About this task: Each entry below should be restated word for word, without any picture it contains.

Data:
=== Section Start ===

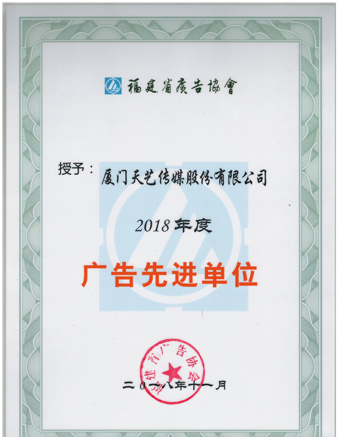 2018年福建省廣告界在推動(dòng)廣告業(yè)發(fā)展中,勇于開拓,努力創(chuàng)新,取得了優(yōu)異的成績(jī),為福建經(jīng)濟(jì)發(fā)展和社會(huì)進(jìn)步作出了巨大貢獻(xiàn),涌現(xiàn)了一批先進(jìn)單位。為了表彰先進(jìn),樹立典型,推動(dòng)工作,再創(chuàng)輝煌,福建省廣告協(xié)會(huì)于12月20日舉辦了第七屆第三次理事會(huì),并授予了廈門市天藝傳媒股份有限公司“福建省廣告先進(jìn)單位”的稱號(hào)。
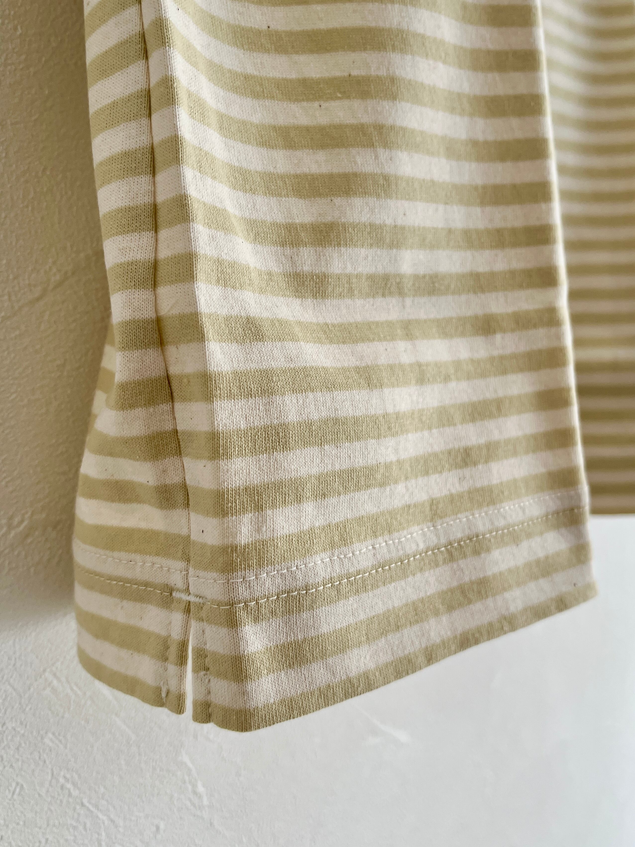マリンコーディネートには欠かせない定番のボーダーに、配色バインダーやスリット止まりのカンヌキなどちょっとしたエッセンスを加えたこだわりの一枚。デザイン性だけではなく、着用と洗濯を繰り返してもへたりにくいタフさが嬉しい、スタッフ人気も高いアイテムです。
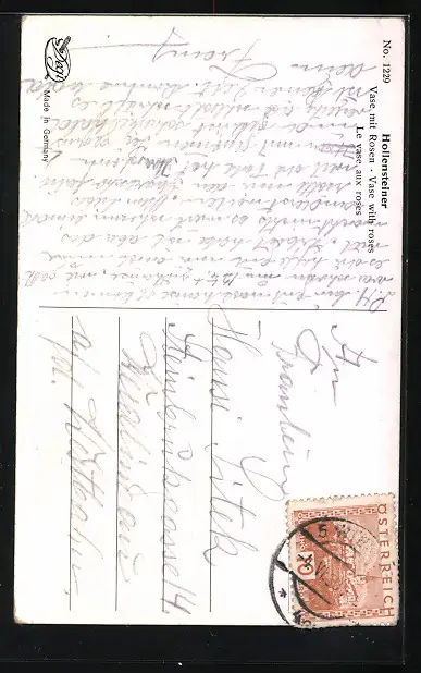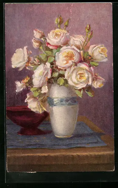 Künstler-AK Degi Nr. 1229: Vase mit Rosen, Hollensteiner, Ölgemälde-Imitations-AK
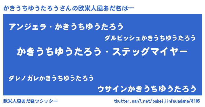 | 意味不明あだ名 | 『とにかく怪しいかきうちゆうたろう』 |
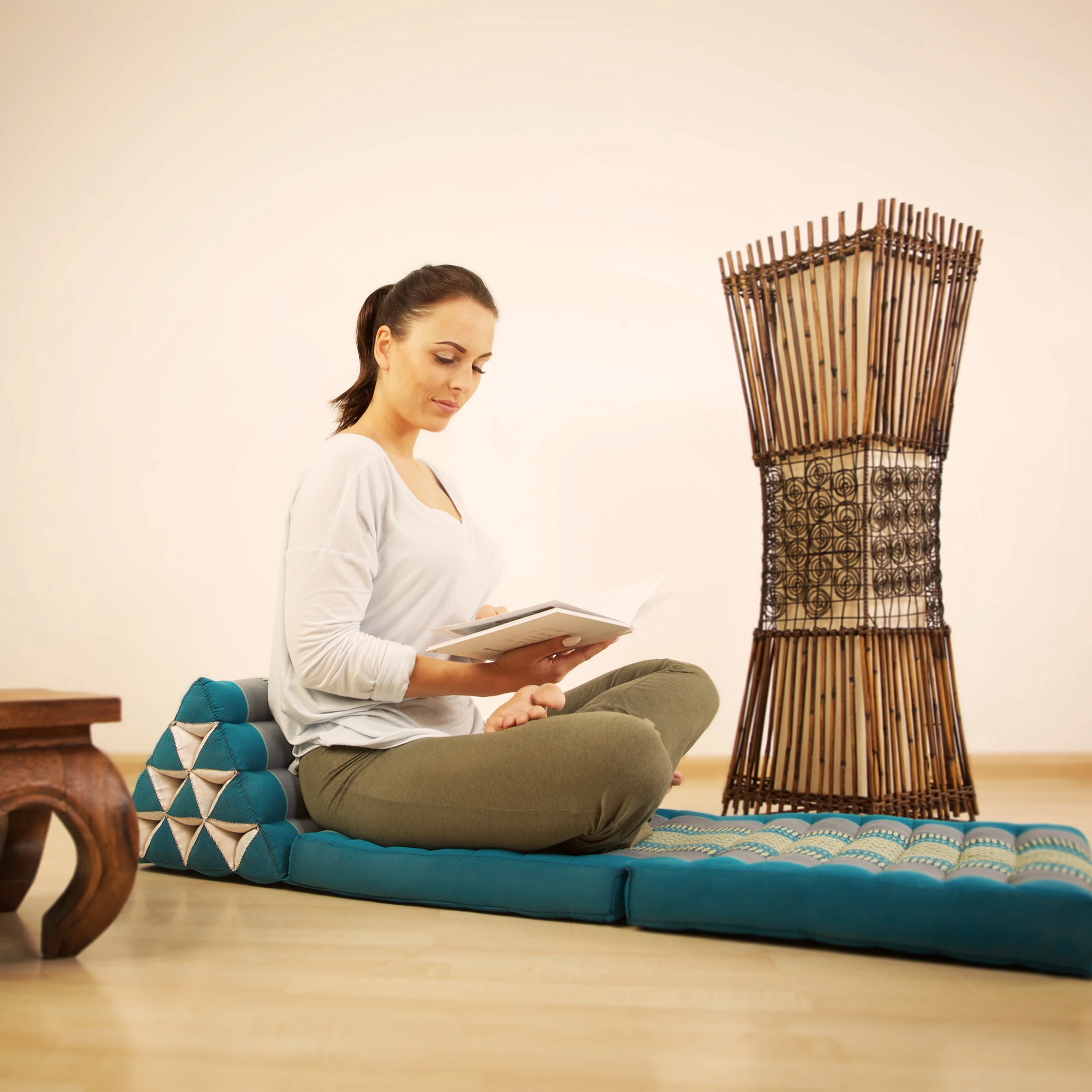Laat na een vermoeiende dag de rust op je inwerken met een kalmerende thee op jouw favoriete plekje, leun achterover met een boeiend boek of geniet van een korte pauze met meditatie – vooral tijdens deze momenten wil je je uiterst comfortabel voelen. Om overal van jouw vrije tijd te kunnen genieten, wordt jouw dagelijks leven vergezeld door het Thaise kussen met 2 vloerdelen. Met slechts één handbeweging maak je het ruimtebesparende kussen klaar, waardoor het dienst doet als de ideale ligstoel voor de ontspannende momenten van de dag.

=== Section End ===

Task solution:
 2018年福建省廣告界在推動(dòng)廣告業(yè)發(fā)展中,勇于開拓,努力創(chuàng)新,取得了優(yōu)異的成績(jī),為福建經(jīng)濟(jì)發(fā)展和社會(huì)進(jìn)步作出了巨大貢獻(xiàn),涌現(xiàn)了一批先進(jìn)單位。為了表彰先進(jìn),樹立典型,推動(dòng)工作,再創(chuàng)輝煌,福建省廣告協(xié)會(huì)于12月20日舉辦了第七屆第三次理事會(huì),并授予了廈門市天藝傳媒股份有限公司“福建省廣告先進(jìn)單位”的稱號(hào)。
マリンコーディネートには欠かせない定番のボーダーに、配色バインダーやスリット止まりのカンヌキなどちょっとしたエッセンスを加えたこだわりの一枚。デザイン性だけではなく、着用と洗濯を繰り返してもへたりにくいタフさが嬉しい、スタッフ人気も高いアイテムです。
 Künstler-AK Degi Nr. 1229: Vase mit Rosen, Hollensteiner, Ölgemälde-Imitations-AK
 | 意味不明あだ名 | 『とにかく怪しいかきうちゆうたろう』 |
Laat na een vermoeiende dag de rust op je inwerken met een kalmerende thee op jouw favoriete plekje, leun achterover met een boeiend boek of geniet van een korte pauze met meditatie – vooral tijdens deze momenten wil je je uiterst comfortabel voelen. Om overal van jouw vrije tijd te kunnen genieten, wordt jouw dagelijks leven vergezeld door het Thaise kussen met 2 vloerdelen. Met slechts één handbeweging maak je het ruimtebesparende kussen klaar, waardoor het dienst doet als de ideale ligstoel voor de ontspannende momenten van de dag.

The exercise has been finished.